- Native name: Володимир Миколайович Можаровський
- Born: Volodymyr Mykolayovych Mozharovsky 17 September 1952 (age 73) Bosuvny [uk], Ukrainian SSR, Soviet Union
- Allegiance: Soviet Union Ukraine
- Branch: Ukrainian Ground Forces
- Rank: Colonel general
- Commands: Operational Command South (2001-2003)
- Conflicts: Soviet-Afghan War

= Volodymyr Mozharovsky =

Ukrainian politician and former army officer

Volodymyr Mykolayovych Mozharovsky (Володимир Миколайович Можаровський; born on 17 September 1952), is a Ukrainian politician and former army officer who reached the rank of colonel general and served as the First Deputy Minister of Defense of Ukraine from 2010 to 2012.

Mozharovksy was the commander of the Operational Command South from 2001 to 2004, and the commander of the United Operational Command of the Armed Forces of Ukraine from 2007 to 2010.

==Biography==
Volodymyr Mozharovsky was born on 17 September 1952 in the village of Bosuvny, Luhyny Raion, Zhytomyr Oblast.

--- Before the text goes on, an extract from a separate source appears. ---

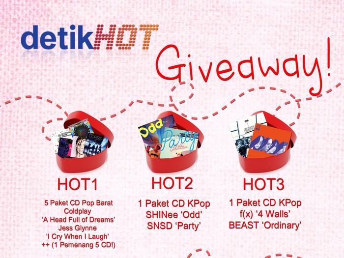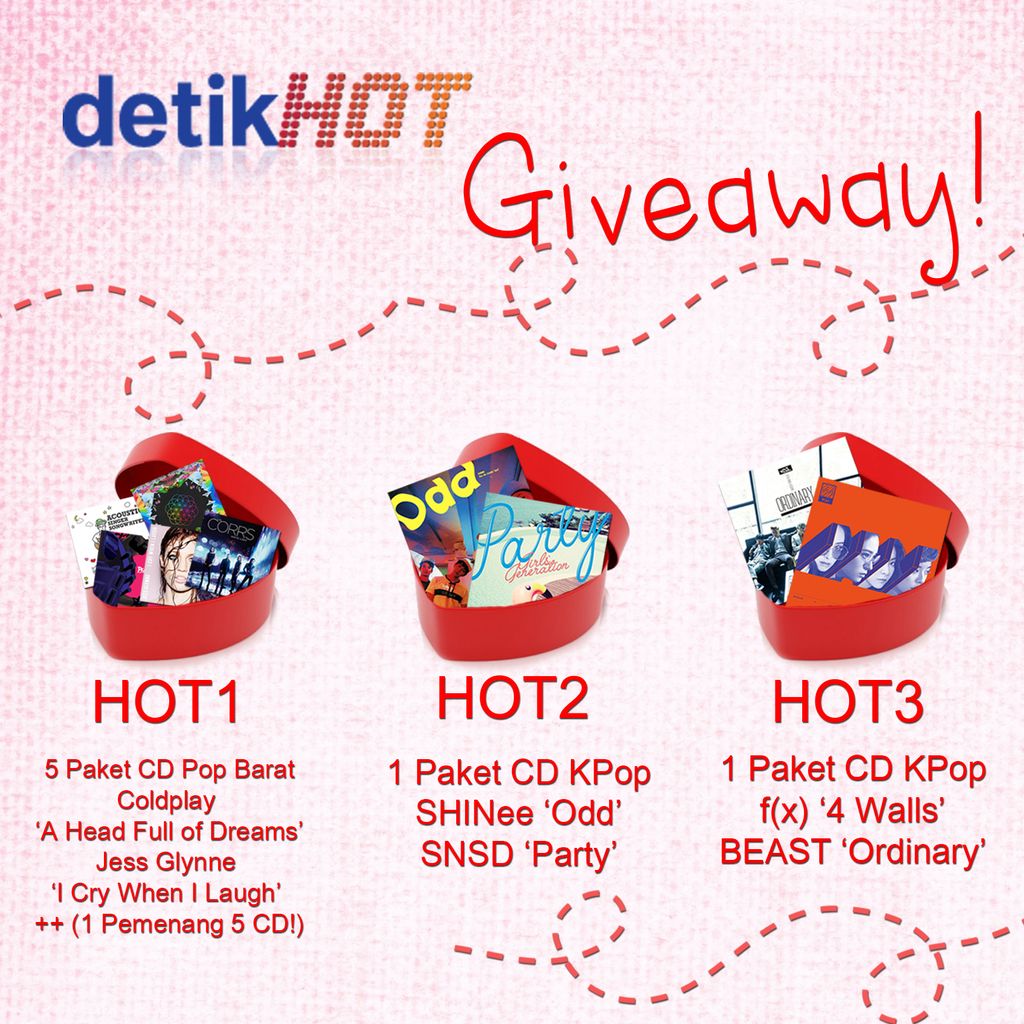 Akan ada 5 (lima) paket CD barat dan 2 (dua) paket CD KPop untuk kalian pembaca setia detikHOT rebutkan di detikHOT Giveaway bulan Februari ini. Bagaimana caranya? Simak peraturannya di bawah ini:

In 1973, he graduated with honors from the Leningrad Higher Military Command School. At the same year, he was the commander of a motor rifle platoon in the Leningrad Military District. From 1974 to 1985, he served in the positions of commander of a reconnaissance platoon, commander of a company of cadets of the Leningrad Higher Military Command School, and a commander of a motor rifle battalion. From 1985 to 1987, he served as part of the 40th Army in Afghanistan during the Soviet–Afghan War.

From 1987 to 1991, Mozharovsky was the chief of staff and deputy commander of a motor rifle regiment. In 1991, he graduated from the correspondence faculty of the Frunze Military Academy with a gold medal. With the dissolution of the Soviet Union in December 1991, Mozharovsky joined the Armed Forces of Ukraine in 1992. From 1992 to 1996, he was the chief of staff and deputy commander of a motor rifle division and commander of a mechanized division. Between 1996 and 2000, he was the deputy commander of an army corps, and then commander of an army corps. In 1998, he graduated from the operational and strategic faculty of the Academy of the Armed Forces of Ukraine as an external student.

From 2000 to 2001, Mozharovsky served as first deputy commander of the Ukrainian Ground Forces. On 19 December 2001, Mozharovky became the commander of the forces of the Southern Operational Command. In 2004, he became chief of staff and first deputy commander of the Northern Operational Command. From 2005 to 2007, he was chief of staff and first deputy commander of the Ukrainian Ground Forces. On 7 November 2007 he became the commander of the United Operational Command of the Armed Forces of Ukraine. From January between August 2010, he was the first deputy chief of the General Staff of the Ukrainian Armed Forces. On 18 February 2010, Mozharovsky became the first deputy minister of defense.

On 22 February 2011, when asked about whether Ukrainian fighter jets were involved at the Libyan Civil War, Mozharosky stated, "I categorically deny, I immediately want to tell you (this information) and I want to inform you that there is not a single military pilot on the territory of this state and not a single military plane of ours either."

On 15 March 2011, Mozharosky was dismissed from military service for health reasons. On 18 February 2012, he was demoted to Deputy Minister of Defense - chief of staff. On 5 March 2014, Mozharovksy was then dismissed as Deputy Minister of Defense of Ukraine - chief of staff at his own request.